Reproduce exactly, and only, the lines below from the one containing "7.5/10while the food" through the one containing "图片说明:越野车一前一后,穿".

> _Records shown_:

--

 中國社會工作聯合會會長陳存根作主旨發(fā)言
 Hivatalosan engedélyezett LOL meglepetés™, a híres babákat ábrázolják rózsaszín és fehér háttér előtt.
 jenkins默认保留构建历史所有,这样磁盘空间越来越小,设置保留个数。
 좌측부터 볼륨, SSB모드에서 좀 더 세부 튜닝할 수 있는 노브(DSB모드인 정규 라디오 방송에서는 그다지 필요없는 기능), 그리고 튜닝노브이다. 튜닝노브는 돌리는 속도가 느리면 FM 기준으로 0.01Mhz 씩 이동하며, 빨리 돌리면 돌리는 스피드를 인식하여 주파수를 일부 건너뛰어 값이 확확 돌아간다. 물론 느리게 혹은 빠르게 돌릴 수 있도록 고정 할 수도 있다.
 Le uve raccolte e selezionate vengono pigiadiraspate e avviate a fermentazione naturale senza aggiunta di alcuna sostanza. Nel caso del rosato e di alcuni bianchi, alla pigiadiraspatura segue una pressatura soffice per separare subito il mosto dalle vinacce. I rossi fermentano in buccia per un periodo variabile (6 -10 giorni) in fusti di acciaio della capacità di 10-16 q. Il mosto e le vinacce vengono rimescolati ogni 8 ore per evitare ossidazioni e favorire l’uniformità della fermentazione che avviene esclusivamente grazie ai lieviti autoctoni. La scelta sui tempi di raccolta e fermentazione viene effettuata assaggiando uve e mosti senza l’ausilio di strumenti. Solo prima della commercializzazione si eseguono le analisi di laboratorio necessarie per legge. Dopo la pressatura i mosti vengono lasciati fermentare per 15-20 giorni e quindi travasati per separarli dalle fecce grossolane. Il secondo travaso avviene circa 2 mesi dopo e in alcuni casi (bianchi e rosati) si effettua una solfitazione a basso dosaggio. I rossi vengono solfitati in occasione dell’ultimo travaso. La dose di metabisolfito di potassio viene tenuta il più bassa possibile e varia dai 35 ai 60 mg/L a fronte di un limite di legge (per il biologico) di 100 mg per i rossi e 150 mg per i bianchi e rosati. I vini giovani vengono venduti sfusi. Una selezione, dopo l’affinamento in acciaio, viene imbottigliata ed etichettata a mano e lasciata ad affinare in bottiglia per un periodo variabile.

--

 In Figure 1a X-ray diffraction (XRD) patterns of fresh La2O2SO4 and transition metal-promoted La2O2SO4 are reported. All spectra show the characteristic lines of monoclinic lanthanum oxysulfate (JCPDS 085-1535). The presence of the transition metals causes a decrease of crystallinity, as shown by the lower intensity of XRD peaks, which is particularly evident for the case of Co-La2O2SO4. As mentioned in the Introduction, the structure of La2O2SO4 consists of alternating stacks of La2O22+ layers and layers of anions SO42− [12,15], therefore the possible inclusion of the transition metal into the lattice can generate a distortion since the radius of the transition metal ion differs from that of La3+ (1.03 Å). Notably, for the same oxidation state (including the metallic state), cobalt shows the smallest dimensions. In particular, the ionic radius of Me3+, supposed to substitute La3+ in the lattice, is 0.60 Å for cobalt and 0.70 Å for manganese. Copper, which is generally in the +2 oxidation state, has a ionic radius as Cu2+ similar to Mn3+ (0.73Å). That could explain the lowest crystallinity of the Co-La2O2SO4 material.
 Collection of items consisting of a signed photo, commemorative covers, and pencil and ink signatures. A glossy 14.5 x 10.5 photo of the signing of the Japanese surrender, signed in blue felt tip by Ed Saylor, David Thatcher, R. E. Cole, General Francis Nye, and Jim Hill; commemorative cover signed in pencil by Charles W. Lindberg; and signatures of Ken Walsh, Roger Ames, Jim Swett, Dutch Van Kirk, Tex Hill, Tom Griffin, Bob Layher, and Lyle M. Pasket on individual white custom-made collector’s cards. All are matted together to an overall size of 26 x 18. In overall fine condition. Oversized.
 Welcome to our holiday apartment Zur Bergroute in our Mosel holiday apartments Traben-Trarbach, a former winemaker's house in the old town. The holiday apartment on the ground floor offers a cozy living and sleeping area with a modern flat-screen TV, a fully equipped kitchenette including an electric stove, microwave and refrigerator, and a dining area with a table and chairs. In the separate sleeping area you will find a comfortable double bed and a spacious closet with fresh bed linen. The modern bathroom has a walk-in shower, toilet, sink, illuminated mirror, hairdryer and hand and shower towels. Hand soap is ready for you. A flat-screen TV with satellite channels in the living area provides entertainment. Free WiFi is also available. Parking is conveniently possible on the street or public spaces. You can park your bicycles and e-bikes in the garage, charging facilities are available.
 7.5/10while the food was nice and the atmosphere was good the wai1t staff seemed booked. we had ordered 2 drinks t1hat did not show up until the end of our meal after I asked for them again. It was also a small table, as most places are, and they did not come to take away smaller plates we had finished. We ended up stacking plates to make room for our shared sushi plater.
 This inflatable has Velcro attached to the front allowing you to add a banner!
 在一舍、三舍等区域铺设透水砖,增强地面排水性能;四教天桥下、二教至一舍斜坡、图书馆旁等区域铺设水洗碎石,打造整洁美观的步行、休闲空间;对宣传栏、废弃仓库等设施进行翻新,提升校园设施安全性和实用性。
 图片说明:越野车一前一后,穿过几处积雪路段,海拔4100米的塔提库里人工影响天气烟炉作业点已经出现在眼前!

--

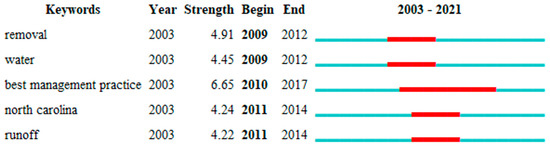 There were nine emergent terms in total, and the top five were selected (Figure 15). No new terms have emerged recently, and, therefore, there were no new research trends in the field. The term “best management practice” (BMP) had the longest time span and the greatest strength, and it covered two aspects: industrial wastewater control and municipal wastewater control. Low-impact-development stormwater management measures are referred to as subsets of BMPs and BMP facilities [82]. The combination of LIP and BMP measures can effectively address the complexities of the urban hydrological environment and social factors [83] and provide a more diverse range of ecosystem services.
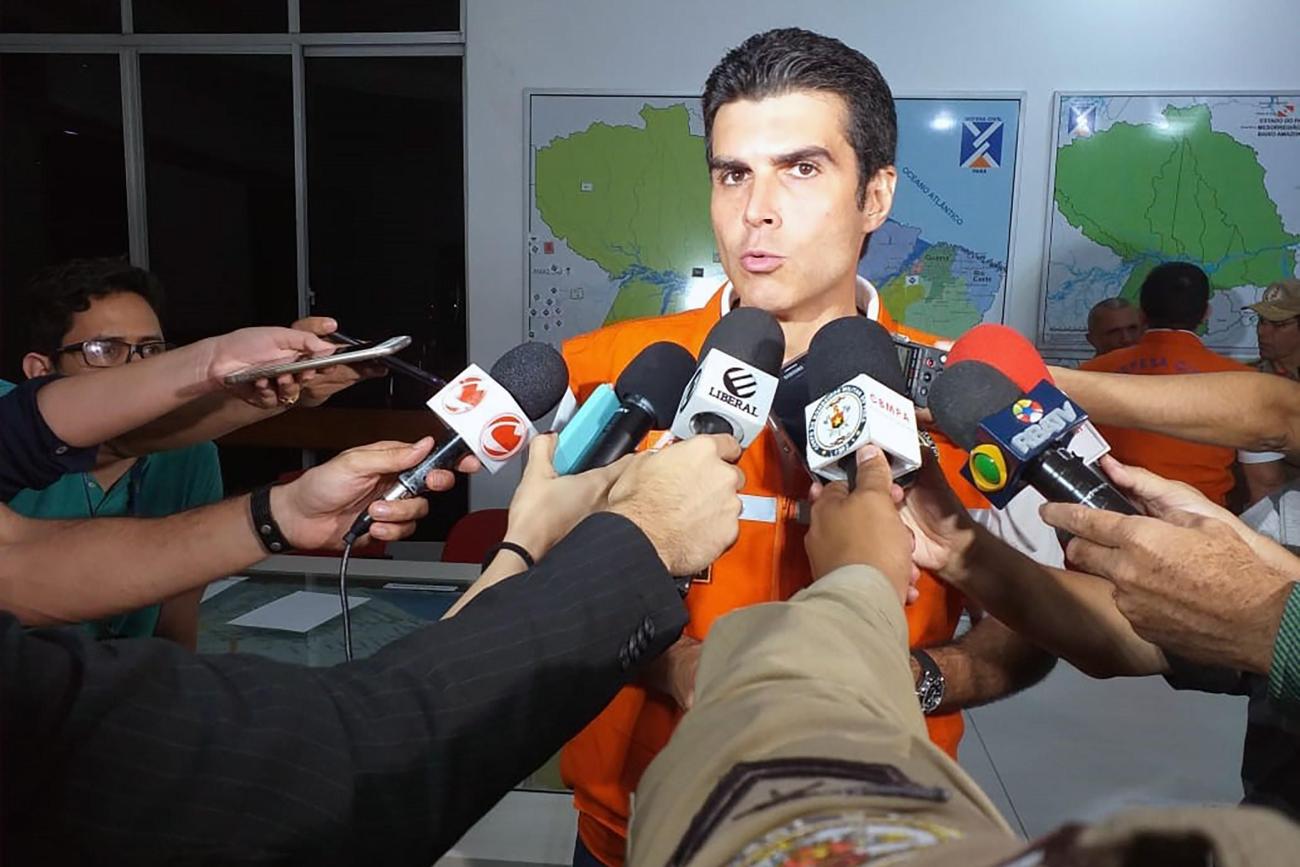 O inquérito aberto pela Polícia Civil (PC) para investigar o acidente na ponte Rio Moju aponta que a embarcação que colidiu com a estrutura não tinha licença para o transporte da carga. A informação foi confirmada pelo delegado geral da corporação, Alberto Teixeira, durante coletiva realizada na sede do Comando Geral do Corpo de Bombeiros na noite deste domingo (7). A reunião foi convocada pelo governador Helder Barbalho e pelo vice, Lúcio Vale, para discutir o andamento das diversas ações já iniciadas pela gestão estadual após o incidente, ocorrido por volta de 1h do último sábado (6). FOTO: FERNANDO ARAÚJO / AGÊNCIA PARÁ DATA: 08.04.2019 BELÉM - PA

--

> _Answer to this exercise_:
 7.5/10while the food was nice and the atmosphere was good the wai1t staff seemed booked. we had ordered 2 drinks t1hat did not show up until the end of our meal after I asked for them again. It was also a small table, as most places are, and they did not come to take away smaller plates we had finished. We ended up stacking plates to make room for our shared sushi plater.
 This inflatable has Velcro attached to the front allowing you to add a banner!
 在一舍、三舍等区域铺设透水砖,增强地面排水性能;四教天桥下、二教至一舍斜坡、图书馆旁等区域铺设水洗碎石,打造整洁美观的步行、休闲空间;对宣传栏、废弃仓库等设施进行翻新,提升校园设施安全性和实用性。
 图片说明:越野车一前一后,穿过几处积雪路段,海拔4100米的塔提库里人工影响天气烟炉作业点已经出现在眼前!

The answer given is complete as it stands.